Buenos días a todos!
Os planteo mi problema:
Necesito montar dos focos halógenos (12v 50w cada uno), de forma que cuando uno se enciende, el otro se apague, y así sucesivamente, vamos, una alternancia de luces.

Alguno de ustedes sabría de algún esquema que tengan por ahí, o me podría dar idea de cómo hacerlo?

Un saludo y gracias!!!


----------



## MaMu (Jun 2, 2006)

JesusFG dijo:
			
		

> Buenos días a todos!
> Os planteo mi problema:
> Necesito montar dos focos halógenos (12v 50w cada uno), de forma que cuando uno se enciende, el otro se apague, y así sucesivamente, vamos, una alternancia de luces.
> 
> ...



Utiliza un interruptor bipolar con punto medio.
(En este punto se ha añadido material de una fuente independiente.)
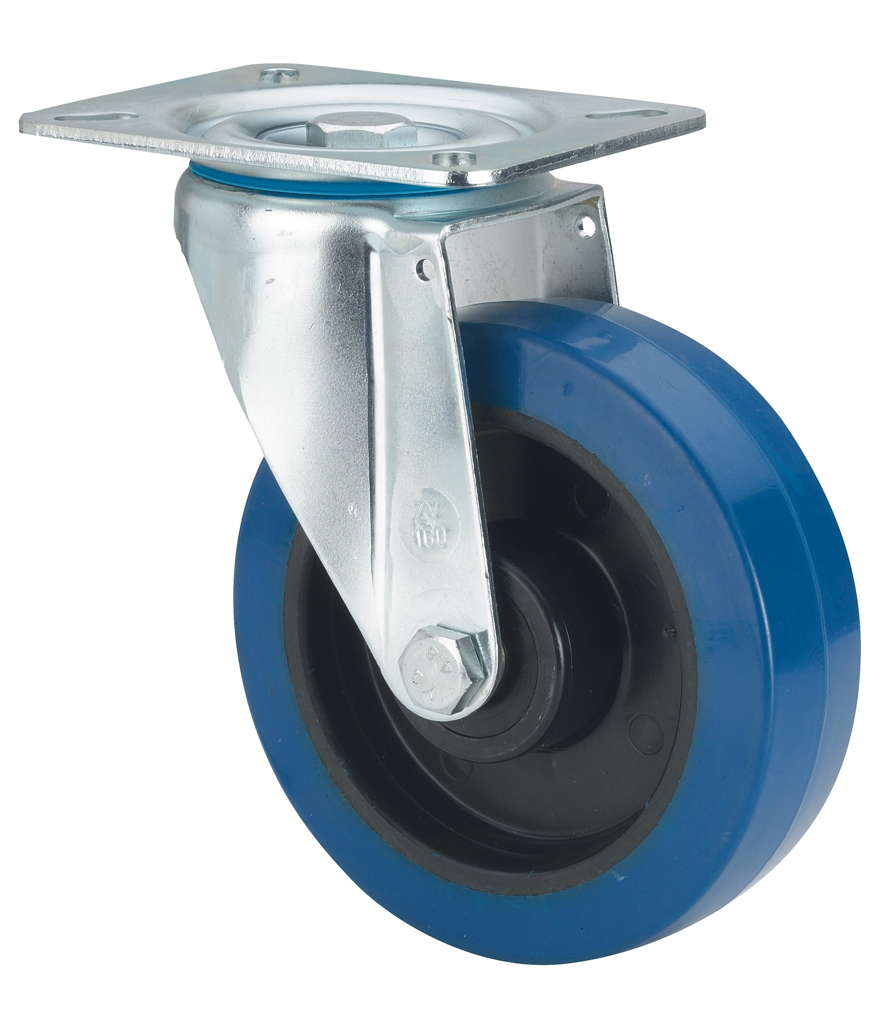 Ruedas de goma elástica azul. Especialmente indicada para soportar cargas hasta 400 Kg.

En el punto medio va la tension (tambien es el OFF para pagar todo), y en los extremos uno a cada lampara, y listo.

Saludos.


----------



## JesusFG (Jun 2, 2006)

Mamu, gracias por tu respuesta, pero lo que busco es un circuito que haga destellar las luces alternativamente a modo de baliza (entiendo que lo que tú me sugieres es un interruptor-conmutador de tres posiciones, no?)


----------



## tiopepe123 (Jun 2, 2006)

http://www.epanorama.net/links/lights.html


----------



## Ehecatl (Jun 2, 2006)

Un circuito oscilador con un 555, seguido con una Flip Flop tipo D retrolimentado a la entrada D la salida Q negada.
En la salida Q conectas una de las lámparas, yo creo que a través de un relevador y en la salida Q negada la otra lámpara.
Q y Q negada siempre están en estados complementarios, es decir si una está en 1 la otra está en O y viceversa.


----------



## thors (Sep 12, 2006)

me imagino que es para usarlo en automovil 
entonces por que no pruebas usando un rele del que usa las luces de señalizacion


----------



## Guille DJ (Sep 17, 2006)

usa un multivibrador astable solo lleva 6 u 8 omponentes mas el par de reles para cada lampara, no tiene mucha complicacion y si le pones un potenciometro doble le puedes variar la velocidad a ambas luces por iwal si usas dos potes varias la velocidad de cada una por independiente, hay un post por ahi en el que le explico al chaval omo funciona el multivibrador y que debe hacer y tre los esquemas aver si puedo te dejo el link.

un saludo


----------



## Guille DJ (Sep 17, 2006)

https://www.forosdeelectronica.com/about5332.html

ahi te dejo el post que te comente miralo y ya nos cuentas..


un saludo


----------